São Paulo
Seis espetáculos de estados do Centro-Oeste fazem parte da programação da Mostra Internacional de Teatro deste ano. Em três deles, a relação humana com o território e a causa ambiental são temas.
No brasiliense “Galhada, em Tempos de Fissura”, uma mulher ganha partes de planta no corpo. No sul-matogrossense “Cabeça de Toco”, o elenco interage com pedaços de madeira, lembrando bichos. Já no goiano “Repúblikkk”, a extinção do cerrado é um dos temas.
Novidade na mostra, o projeto “Conexões Centro-Oeste” é parceria do Itaú Cultural com o evento. A ideia é estimular a circulação de trabalhos que podem enfrentar dificuldade para vir a São Paulo, segundo Carlos Gomes, responsável pela programação da instituição. Junto a Galiana Brasil, também do Itaú Cultural, Gomes fez a curadoria dos espetáculos.
Cena do espetáculo ‘Republikkk ou Encruzilhada Não É Beco’
–
Angela Macário /Divulgação
Em comum, os trabalhos evidenciam características do território e refletem sobre a crise climática. “A gente está vendo o mundo acabar primeiro”, diz Febraro de Oliveira, artista que se apresenta em “Cabeça de Toco”, em referência à mudança da paisagem na região causada pela forte presença do agronegócio.
Para tratar do tema, o cenário se torna personagem. “O território não é um fetiche, uma ilustração. É um protagonista”, diz Hercules Morais, diretor de “Repúblikkk”.
Nascido em São Paulo, ele se mudou para o cerrado de Goiás para criar a peça. Lá, encontrou uma nova forma de fazer teatro, “com menos estrutura e mais invenção”.

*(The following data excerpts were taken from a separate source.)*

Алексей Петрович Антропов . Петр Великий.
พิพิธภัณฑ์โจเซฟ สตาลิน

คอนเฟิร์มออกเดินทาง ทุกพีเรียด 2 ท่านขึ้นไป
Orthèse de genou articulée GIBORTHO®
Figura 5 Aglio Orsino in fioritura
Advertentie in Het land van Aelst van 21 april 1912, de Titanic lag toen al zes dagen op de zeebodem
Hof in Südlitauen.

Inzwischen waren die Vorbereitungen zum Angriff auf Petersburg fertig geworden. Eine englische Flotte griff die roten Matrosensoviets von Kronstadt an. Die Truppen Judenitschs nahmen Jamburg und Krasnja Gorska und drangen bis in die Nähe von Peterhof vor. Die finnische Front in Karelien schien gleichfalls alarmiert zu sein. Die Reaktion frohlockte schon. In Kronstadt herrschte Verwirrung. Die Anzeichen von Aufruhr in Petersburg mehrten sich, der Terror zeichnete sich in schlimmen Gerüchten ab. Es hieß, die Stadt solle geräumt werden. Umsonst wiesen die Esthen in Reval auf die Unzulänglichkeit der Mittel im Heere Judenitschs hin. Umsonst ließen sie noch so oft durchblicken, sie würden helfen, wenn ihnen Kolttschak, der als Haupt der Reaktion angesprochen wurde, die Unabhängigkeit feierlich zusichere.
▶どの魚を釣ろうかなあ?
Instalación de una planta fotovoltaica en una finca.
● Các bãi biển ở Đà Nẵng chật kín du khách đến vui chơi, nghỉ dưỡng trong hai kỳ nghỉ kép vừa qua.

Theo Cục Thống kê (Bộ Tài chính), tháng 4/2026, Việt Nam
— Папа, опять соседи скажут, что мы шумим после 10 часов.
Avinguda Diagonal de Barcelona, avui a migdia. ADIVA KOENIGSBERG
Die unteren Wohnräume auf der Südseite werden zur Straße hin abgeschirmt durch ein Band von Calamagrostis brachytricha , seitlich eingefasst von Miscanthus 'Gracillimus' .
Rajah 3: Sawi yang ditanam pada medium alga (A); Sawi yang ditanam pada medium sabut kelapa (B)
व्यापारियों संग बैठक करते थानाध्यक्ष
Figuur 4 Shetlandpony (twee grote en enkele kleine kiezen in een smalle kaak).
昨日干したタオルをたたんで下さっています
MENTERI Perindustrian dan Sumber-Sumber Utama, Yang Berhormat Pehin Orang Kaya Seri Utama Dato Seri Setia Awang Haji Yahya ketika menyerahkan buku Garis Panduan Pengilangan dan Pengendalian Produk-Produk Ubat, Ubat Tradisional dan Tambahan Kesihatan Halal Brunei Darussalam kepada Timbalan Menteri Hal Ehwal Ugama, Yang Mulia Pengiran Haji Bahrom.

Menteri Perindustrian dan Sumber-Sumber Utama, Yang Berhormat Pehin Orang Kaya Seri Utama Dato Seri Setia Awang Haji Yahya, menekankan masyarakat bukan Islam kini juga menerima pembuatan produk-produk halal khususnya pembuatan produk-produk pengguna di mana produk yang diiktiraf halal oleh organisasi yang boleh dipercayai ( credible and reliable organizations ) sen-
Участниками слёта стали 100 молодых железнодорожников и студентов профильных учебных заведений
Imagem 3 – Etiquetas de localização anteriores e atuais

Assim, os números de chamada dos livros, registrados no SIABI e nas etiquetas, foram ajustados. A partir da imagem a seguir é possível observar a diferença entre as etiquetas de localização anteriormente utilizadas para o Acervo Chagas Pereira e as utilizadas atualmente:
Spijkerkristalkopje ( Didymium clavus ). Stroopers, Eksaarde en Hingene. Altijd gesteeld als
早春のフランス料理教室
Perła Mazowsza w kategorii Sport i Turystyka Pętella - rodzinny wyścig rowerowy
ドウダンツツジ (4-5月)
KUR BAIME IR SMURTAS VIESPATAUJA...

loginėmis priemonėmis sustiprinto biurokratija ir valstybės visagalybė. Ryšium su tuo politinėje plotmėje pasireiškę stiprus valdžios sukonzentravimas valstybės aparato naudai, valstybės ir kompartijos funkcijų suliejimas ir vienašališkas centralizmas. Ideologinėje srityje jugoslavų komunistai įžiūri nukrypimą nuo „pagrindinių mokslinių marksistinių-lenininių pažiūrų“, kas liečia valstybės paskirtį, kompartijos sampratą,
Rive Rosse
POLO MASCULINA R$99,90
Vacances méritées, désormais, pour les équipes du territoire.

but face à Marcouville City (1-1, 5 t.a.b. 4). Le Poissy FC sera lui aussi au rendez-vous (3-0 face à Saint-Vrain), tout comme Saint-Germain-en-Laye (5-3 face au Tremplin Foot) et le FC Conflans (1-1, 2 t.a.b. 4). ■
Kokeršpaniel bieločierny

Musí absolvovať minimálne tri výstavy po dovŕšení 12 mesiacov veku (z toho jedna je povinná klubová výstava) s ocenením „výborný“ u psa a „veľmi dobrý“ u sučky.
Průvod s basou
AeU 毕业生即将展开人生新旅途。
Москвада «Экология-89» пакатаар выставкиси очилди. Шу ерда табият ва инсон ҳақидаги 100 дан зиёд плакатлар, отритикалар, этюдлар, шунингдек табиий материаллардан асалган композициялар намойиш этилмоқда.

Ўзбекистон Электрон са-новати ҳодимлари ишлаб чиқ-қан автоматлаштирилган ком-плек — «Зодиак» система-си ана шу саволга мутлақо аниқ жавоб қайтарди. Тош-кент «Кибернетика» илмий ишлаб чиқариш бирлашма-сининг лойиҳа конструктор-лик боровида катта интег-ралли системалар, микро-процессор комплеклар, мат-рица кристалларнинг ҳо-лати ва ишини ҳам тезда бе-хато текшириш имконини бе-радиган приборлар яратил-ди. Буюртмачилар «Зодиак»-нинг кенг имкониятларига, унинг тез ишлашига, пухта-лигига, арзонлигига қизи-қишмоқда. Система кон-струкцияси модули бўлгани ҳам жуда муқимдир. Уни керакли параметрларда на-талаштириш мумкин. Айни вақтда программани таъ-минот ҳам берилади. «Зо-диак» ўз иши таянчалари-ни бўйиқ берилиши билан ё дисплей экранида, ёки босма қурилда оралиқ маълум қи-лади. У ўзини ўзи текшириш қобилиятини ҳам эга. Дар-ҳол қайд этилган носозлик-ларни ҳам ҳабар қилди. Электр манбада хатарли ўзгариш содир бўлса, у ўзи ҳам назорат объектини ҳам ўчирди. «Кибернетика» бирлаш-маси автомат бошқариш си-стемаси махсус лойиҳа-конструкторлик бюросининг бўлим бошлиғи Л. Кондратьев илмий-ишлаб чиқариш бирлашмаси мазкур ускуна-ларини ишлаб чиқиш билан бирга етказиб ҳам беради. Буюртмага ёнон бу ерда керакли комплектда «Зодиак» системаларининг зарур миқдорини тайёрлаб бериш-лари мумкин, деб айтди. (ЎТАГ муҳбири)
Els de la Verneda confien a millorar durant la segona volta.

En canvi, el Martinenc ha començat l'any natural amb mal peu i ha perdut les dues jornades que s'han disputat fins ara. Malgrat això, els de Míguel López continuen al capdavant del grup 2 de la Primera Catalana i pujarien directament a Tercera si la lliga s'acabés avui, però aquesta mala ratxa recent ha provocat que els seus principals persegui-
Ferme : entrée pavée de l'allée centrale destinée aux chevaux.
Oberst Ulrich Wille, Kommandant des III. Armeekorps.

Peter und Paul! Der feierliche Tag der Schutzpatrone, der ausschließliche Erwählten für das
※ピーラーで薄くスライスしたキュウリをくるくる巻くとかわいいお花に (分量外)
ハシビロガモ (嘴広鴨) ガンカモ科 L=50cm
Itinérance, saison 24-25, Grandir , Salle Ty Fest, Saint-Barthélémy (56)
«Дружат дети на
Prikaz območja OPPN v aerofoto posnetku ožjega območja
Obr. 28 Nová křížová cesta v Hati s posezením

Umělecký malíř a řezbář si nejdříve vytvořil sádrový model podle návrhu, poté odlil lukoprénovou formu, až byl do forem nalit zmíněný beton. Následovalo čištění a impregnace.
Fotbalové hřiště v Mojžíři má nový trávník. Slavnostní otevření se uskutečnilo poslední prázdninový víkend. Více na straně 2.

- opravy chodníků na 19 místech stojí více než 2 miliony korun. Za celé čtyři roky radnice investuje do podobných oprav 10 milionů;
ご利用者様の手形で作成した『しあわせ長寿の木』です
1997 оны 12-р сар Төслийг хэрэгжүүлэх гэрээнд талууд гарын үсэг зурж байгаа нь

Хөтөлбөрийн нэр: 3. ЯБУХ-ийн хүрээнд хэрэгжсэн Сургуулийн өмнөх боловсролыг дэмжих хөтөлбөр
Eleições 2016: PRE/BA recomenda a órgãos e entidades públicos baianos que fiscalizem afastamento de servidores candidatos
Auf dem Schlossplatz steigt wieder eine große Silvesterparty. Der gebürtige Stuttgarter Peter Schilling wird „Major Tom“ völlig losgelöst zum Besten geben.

Oliveira também ressalta a riqueza no processo criativo da região, mas diz que um dos grandes desafios do trabalho ali é a falta de intercâmbio com grupos de outros estados.
A maioria das seis equipes que vêm do Centro-Oeste para a MITsp nunca se apresentou na capital paulista. Para Oliveira, a seleção que destaca a região tira a pecha de Brasil profundo desses estados e é também uma aposta para o público entender que o Brasil possui muitos centros.
Além de reconhecimento às obras, a participação no evento é uma oportunidade de fazê-las circular ainda mais pelo Brasil e pelo mundo.
Parte importante disso é a presença de profissionais responsáveis por festivais de artes cênicas ou curadores de teatros. Neste ano, vêm a São Paulo 65 programadores internacionais e 71 nacionais.
A percepção de Antonio Araujo, diretor do evento, é que isso tem impulsionado a circulação de trabalhos brasileiros no cenário do teatro internacional.